I now have 'concrete' evidence that my pain is 'real' because the mri I got showed nerve entrapment! I've been asking my parents to apologise for saying it's in my head and I feel kind of happy now that people will believe me and there is something else that might be able to be done 🙂
Hey @Lost_Space_Explorer5, I am sorry that your parents invalidate your pain. That must be so upsetting and frustrating. I am getting the sense that you find the MRI results to be a little bittersweet in the sense that you need 'concrete' evidence for people to take you seriously. Is that right? At the same time, as you said, it can sometimes be a nice feeling to be able to work towards better managing whatever is going on 💖
Thanks @Taylor-RO ❤️ yeah it is bitterweet, that's exactly right- it's like why did I need the evidence in the first place to be believed? 😞 And like even then I'm worried people won't believe me. And yeah it's nice that there might be something else that can be done 🙂
Really happy to hear youre getting some answers though @Lost_Space_Explorer5 ! Were hoping that it becomes more manageable with time - But i hope you can keep us updated with any news 🙂
@Lost_Space_Explorer5 ouch nerve pain sucks...

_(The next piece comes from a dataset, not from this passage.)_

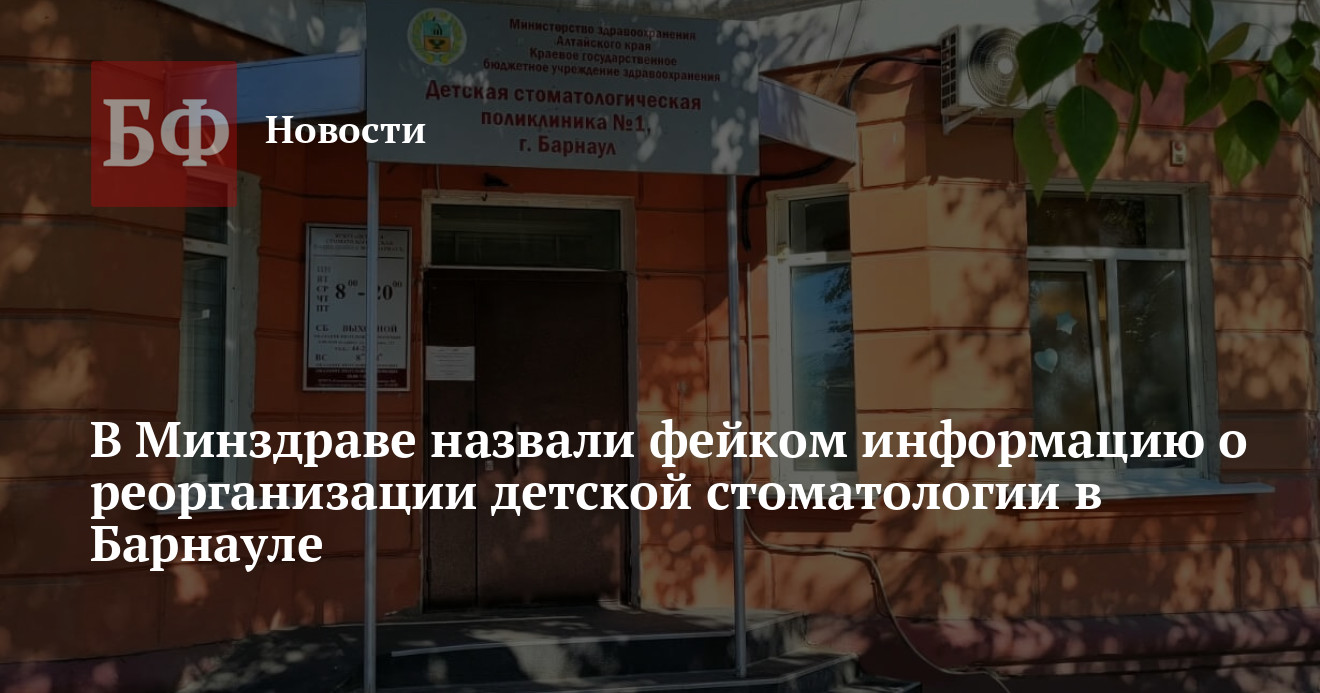 В Министерстве здравоохранения Алтайского края опровергли информацию о реорганизации детской стоматологической поликлиники № 1 в Барнауле. Представители ведомства заявили, что учреждение продолжает работать в штатном режиме. При этом сотрудники поликлиники сообщили ИА «Банкфакс», что весь коллектив находится в подвешенном состоянии и со дня на день ждет появления «того самого приказа».

I'm so glad you know what's going on now though.
Just dislocated my shoulder 😠
It popped back in but wow that hurt. I literally just lifted my arm and one of my bones just decided to go on a holiday.
Oh no @Tiny_leaf that sounds incredibly painful 😭 Sending you lots of love to help your body recover and feel better!! 💖💖
@Savannah-RO yeah...
Like I've had worse pain but never such a strong feeling of "that bone should not be there"
Anyway, it's the arm that I use my walking stick with, but I have to rest it so I've had to swap arms. But I've got a sling now, and the doctor I saw is happy that it's back in place and thinks it'll be fine with rest.
Anyway... don't do dislocations...
@Tiny_leaf I certainly hope that I never have to experience a dislocation, it does not sound like a good time at all 😫 I am glad you saw your doctor about it and that things will hopefully be okay with some rest!